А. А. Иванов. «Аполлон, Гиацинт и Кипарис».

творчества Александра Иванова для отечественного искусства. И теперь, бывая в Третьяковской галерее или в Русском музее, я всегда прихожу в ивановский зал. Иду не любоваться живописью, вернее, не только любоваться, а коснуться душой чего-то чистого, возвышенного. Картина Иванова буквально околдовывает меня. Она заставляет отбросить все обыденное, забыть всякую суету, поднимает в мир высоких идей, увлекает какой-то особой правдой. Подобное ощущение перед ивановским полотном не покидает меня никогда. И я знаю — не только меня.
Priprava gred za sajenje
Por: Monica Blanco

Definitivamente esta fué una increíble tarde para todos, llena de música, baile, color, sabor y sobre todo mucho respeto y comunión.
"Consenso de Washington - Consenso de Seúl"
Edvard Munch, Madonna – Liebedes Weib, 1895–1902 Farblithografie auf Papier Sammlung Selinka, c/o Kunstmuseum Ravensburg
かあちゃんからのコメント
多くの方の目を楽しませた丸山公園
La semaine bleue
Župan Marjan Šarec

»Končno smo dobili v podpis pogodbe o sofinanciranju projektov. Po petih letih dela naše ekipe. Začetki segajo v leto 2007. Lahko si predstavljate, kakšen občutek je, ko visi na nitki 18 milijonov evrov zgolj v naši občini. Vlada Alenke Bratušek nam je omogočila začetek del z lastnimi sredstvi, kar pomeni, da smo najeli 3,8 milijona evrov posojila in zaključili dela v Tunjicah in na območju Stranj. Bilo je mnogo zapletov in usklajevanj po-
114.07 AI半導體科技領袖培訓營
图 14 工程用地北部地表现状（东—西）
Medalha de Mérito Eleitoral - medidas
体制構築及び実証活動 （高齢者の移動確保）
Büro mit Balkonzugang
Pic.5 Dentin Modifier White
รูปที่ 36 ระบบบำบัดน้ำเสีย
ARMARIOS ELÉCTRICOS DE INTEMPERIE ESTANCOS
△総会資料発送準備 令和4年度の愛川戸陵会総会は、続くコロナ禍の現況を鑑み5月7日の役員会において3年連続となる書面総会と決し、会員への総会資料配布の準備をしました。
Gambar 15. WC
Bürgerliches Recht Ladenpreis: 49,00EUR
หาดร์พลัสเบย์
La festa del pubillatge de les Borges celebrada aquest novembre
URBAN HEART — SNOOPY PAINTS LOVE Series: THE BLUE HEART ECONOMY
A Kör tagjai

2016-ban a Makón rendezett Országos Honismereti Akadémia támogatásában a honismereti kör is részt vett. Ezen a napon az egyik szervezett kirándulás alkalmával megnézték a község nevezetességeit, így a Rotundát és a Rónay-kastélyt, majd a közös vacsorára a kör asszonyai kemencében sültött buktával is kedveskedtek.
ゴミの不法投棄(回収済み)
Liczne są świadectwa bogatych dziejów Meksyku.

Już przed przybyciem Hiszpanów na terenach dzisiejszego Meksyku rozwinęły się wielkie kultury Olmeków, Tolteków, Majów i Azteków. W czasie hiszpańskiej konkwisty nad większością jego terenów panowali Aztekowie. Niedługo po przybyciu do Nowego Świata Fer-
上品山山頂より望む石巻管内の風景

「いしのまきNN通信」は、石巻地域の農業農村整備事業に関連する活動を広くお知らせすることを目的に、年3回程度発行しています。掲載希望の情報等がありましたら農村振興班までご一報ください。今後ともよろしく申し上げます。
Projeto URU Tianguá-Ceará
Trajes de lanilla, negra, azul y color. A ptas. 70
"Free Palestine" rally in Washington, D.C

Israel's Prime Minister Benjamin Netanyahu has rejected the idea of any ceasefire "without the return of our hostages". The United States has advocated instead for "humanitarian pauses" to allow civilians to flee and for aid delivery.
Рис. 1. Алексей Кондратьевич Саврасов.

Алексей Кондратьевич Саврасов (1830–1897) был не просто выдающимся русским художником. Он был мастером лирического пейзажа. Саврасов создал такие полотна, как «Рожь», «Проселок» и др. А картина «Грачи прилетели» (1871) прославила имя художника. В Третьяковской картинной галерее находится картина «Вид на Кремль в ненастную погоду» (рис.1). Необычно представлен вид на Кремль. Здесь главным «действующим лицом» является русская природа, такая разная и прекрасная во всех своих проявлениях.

......

# PROBLEM
Each line of the listing must be output once more, exactly as shown above.

# WRITTEN SOLUTION
А. А. Иванов. «Аполлон, Гиацинт и Кипарис».

творчества Александра Иванова для отечественного искусства. И теперь, бывая в Третьяковской галерее или в Русском музее, я всегда прихожу в ивановский зал. Иду не любоваться живописью, вернее, не только любоваться, а коснуться душой чего-то чистого, возвышенного. Картина Иванова буквально околдовывает меня. Она заставляет отбросить все обыденное, забыть всякую суету, поднимает в мир высоких идей, увлекает какой-то особой правдой. Подобное ощущение перед ивановским полотном не покидает меня никогда. И я знаю — не только меня.
Priprava gred za sajenje
Por: Monica Blanco

Definitivamente esta fué una increíble tarde para todos, llena de música, baile, color, sabor y sobre todo mucho respeto y comunión.
"Consenso de Washington - Consenso de Seúl"
Edvard Munch, Madonna – Liebedes Weib, 1895–1902 Farblithografie auf Papier Sammlung Selinka, c/o Kunstmuseum Ravensburg
かあちゃんからのコメント
多くの方の目を楽しませた丸山公園
La semaine bleue
Župan Marjan Šarec

»Končno smo dobili v podpis pogodbe o sofinanciranju projektov. Po petih letih dela naše ekipe. Začetki segajo v leto 2007. Lahko si predstavljate, kakšen občutek je, ko visi na nitki 18 milijonov evrov zgolj v naši občini. Vlada Alenke Bratušek nam je omogočila začetek del z lastnimi sredstvi, kar pomeni, da smo najeli 3,8 milijona evrov posojila in zaključili dela v Tunjicah in na območju Stranj. Bilo je mnogo zapletov in usklajevanj po-
114.07 AI半導體科技領袖培訓營
图 14 工程用地北部地表现状（东—西）
Medalha de Mérito Eleitoral - medidas
体制構築及び実証活動 （高齢者の移動確保）
Büro mit Balkonzugang
Pic.5 Dentin Modifier White
รูปที่ 36 ระบบบำบัดน้ำเสีย
ARMARIOS ELÉCTRICOS DE INTEMPERIE ESTANCOS
△総会資料発送準備 令和4年度の愛川戸陵会総会は、続くコロナ禍の現況を鑑み5月7日の役員会において3年連続となる書面総会と決し、会員への総会資料配布の準備をしました。
Gambar 15. WC
Bürgerliches Recht Ladenpreis: 49,00EUR
หาดร์พลัสเบย์
La festa del pubillatge de les Borges celebrada aquest novembre
URBAN HEART — SNOOPY PAINTS LOVE Series: THE BLUE HEART ECONOMY
A Kör tagjai

2016-ban a Makón rendezett Országos Honismereti Akadémia támogatásában a honismereti kör is részt vett. Ezen a napon az egyik szervezett kirándulás alkalmával megnézték a község nevezetességeit, így a Rotundát és a Rónay-kastélyt, majd a közös vacsorára a kör asszonyai kemencében sültött buktával is kedveskedtek.
ゴミの不法投棄(回収済み)
Liczne są świadectwa bogatych dziejów Meksyku.

Już przed przybyciem Hiszpanów na terenach dzisiejszego Meksyku rozwinęły się wielkie kultury Olmeków, Tolteków, Majów i Azteków. W czasie hiszpańskiej konkwisty nad większością jego terenów panowali Aztekowie. Niedługo po przybyciu do Nowego Świata Fer-
上品山山頂より望む石巻管内の風景

「いしのまきNN通信」は、石巻地域の農業農村整備事業に関連する活動を広くお知らせすることを目的に、年3回程度発行しています。掲載希望の情報等がありましたら農村振興班までご一報ください。今後ともよろしく申し上げます。
Projeto URU Tianguá-Ceará
Trajes de lanilla, negra, azul y color. A ptas. 70
"Free Palestine" rally in Washington, D.C

Israel's Prime Minister Benjamin Netanyahu has rejected the idea of any ceasefire "without the return of our hostages". The United States has advocated instead for "humanitarian pauses" to allow civilians to flee and for aid delivery.
Рис. 1. Алексей Кондратьевич Саврасов.

Алексей Кондратьевич Саврасов (1830–1897) был не просто выдающимся русским художником. Он был мастером лирического пейзажа. Саврасов создал такие полотна, как «Рожь», «Проселок» и др. А картина «Грачи прилетели» (1871) прославила имя художника. В Третьяковской картинной галерее находится картина «Вид на Кремль в ненастную погоду» (рис.1). Необычно представлен вид на Кремль. Здесь главным «действующим лицом» является русская природа, такая разная и прекрасная во всех своих проявлениях.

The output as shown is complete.